(Dataset content Opens)
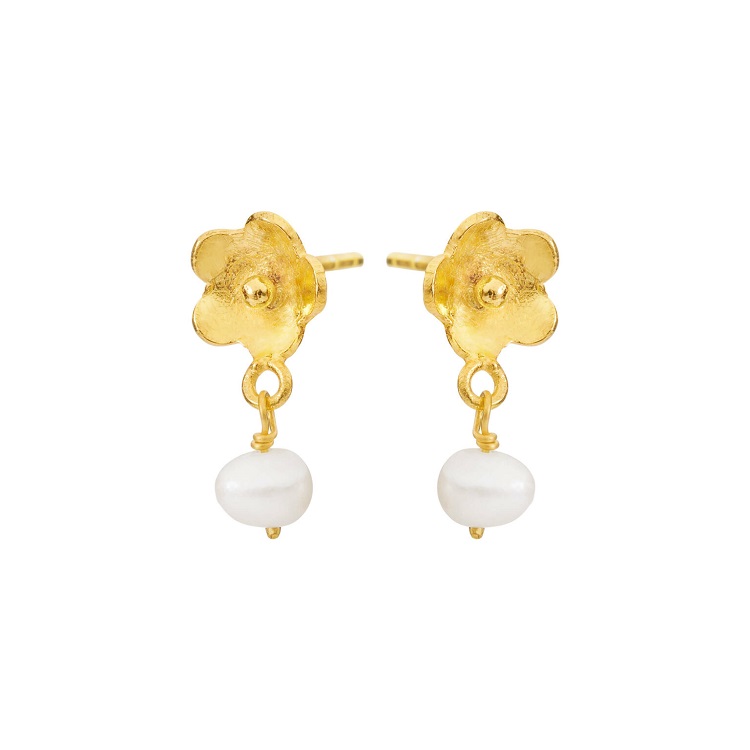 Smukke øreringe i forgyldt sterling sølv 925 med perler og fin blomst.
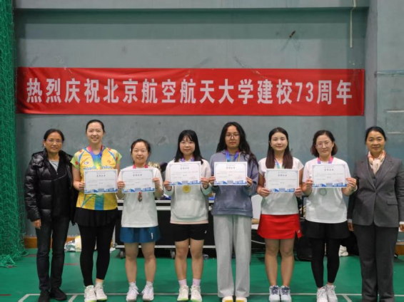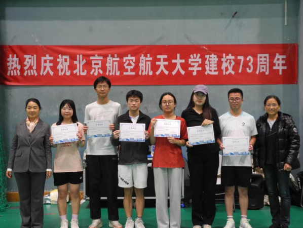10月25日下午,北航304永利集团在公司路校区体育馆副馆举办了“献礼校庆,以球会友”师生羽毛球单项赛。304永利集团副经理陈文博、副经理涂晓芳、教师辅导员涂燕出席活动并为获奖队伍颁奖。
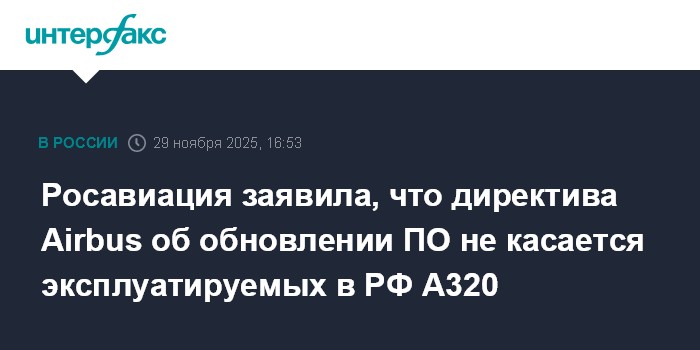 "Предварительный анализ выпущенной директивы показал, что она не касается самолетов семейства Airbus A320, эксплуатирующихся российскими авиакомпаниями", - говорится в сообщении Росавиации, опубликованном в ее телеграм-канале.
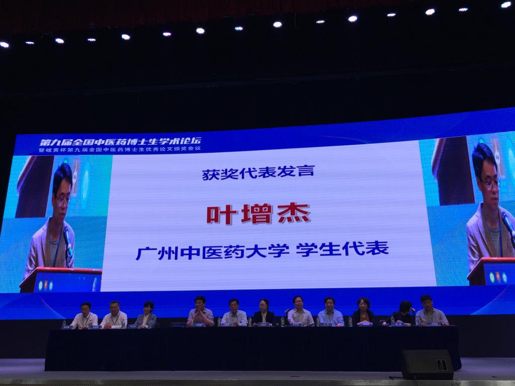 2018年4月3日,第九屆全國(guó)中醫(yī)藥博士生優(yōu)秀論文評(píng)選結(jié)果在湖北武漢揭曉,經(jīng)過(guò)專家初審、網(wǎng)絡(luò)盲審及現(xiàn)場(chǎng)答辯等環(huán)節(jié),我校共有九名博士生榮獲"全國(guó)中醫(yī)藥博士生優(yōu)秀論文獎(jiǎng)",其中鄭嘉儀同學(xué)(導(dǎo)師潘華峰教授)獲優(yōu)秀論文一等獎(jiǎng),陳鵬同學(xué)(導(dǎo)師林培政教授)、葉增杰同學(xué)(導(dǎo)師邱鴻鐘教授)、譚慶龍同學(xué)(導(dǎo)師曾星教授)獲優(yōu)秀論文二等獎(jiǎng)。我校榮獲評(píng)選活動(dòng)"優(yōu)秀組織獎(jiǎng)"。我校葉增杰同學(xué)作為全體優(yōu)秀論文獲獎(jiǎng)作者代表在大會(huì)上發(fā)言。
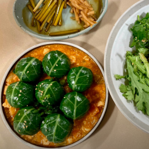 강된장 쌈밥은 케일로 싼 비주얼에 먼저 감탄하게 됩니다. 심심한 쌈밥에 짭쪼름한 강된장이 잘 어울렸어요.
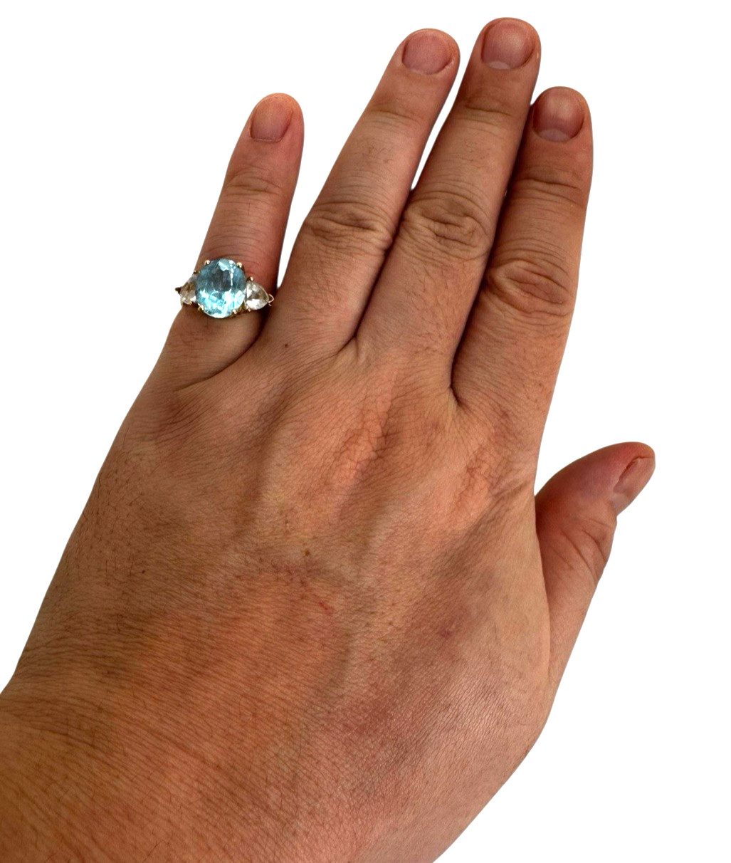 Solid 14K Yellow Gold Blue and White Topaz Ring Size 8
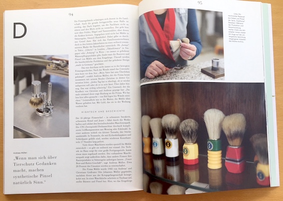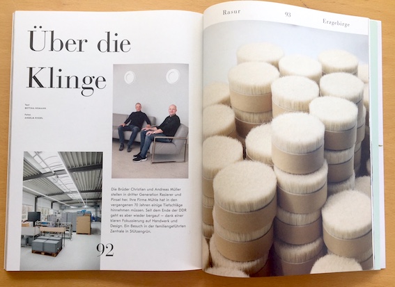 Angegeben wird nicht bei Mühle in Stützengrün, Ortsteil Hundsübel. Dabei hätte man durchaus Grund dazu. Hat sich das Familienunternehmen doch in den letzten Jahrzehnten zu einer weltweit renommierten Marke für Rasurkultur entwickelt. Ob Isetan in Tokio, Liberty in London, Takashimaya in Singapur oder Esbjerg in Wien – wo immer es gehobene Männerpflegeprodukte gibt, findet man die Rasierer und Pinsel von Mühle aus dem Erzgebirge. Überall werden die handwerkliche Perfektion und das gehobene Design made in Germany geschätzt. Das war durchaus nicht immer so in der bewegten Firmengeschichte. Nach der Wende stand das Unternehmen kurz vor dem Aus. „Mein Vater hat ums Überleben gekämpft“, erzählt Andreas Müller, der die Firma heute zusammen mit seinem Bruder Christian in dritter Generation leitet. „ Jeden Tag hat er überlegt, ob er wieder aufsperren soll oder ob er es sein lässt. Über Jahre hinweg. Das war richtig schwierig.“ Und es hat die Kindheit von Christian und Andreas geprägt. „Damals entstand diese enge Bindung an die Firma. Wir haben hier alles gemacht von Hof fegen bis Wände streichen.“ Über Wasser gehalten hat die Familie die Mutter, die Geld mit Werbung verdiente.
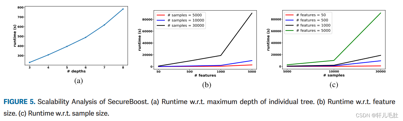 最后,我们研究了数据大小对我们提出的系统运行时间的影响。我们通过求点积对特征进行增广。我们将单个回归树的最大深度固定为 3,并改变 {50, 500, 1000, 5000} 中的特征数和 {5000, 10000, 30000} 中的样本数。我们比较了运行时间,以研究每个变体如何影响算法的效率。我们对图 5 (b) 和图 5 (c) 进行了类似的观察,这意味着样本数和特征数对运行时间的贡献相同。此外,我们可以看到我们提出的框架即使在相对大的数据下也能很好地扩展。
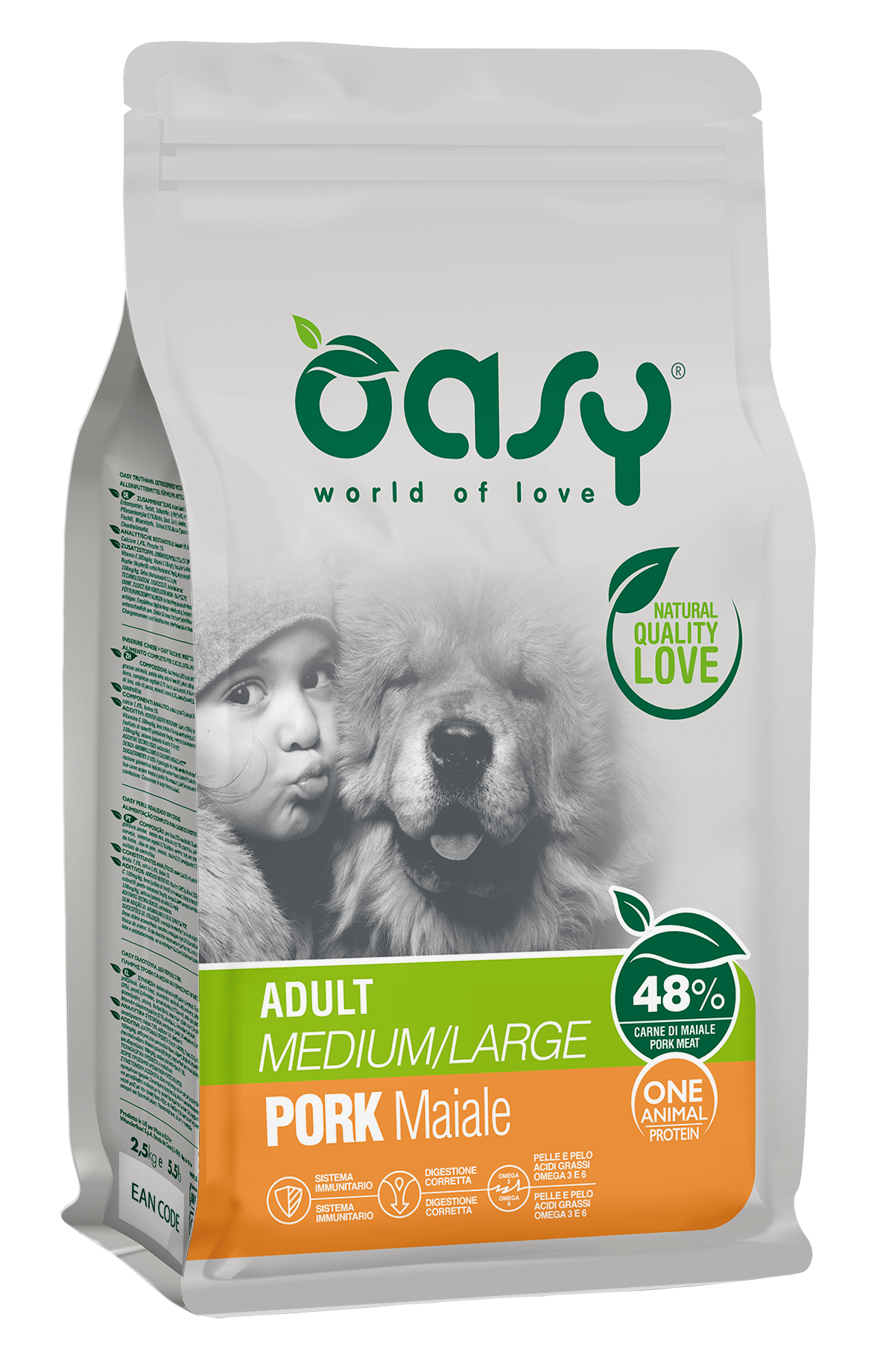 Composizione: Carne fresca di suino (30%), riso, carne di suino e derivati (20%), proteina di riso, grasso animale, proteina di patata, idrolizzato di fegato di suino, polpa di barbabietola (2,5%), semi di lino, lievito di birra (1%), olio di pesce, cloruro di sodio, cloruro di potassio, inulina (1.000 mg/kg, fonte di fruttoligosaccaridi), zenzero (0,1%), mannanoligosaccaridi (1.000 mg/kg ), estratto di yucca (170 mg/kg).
(Dataset content Closes)
[Your objective] Retype, exactly and only, the lines from the one containing "中的样本数。我们比较了运行时间,以研究每个变体如何影响算法的效率。我们对图 5 (b)" through the end of the entries, both ends included, and omit all pictures.

[Answer below]
 最后,我们研究了数据大小对我们提出的系统运行时间的影响。我们通过求点积对特征进行增广。我们将单个回归树的最大深度固定为 3,并改变 {50, 500, 1000, 5000} 中的特征数和 {5000, 10000, 30000} 中的样本数。我们比较了运行时间,以研究每个变体如何影响算法的效率。我们对图 5 (b) 和图 5 (c) 进行了类似的观察,这意味着样本数和特征数对运行时间的贡献相同。此外,我们可以看到我们提出的框架即使在相对大的数据下也能很好地扩展。
 Composizione: Carne fresca di suino (30%), riso, carne di suino e derivati (20%), proteina di riso, grasso animale, proteina di patata, idrolizzato di fegato di suino, polpa di barbabietola (2,5%), semi di lino, lievito di birra (1%), olio di pesce, cloruro di sodio, cloruro di potassio, inulina (1.000 mg/kg, fonte di fruttoligosaccaridi), zenzero (0,1%), mannanoligosaccaridi (1.000 mg/kg ), estratto di yucca (170 mg/kg).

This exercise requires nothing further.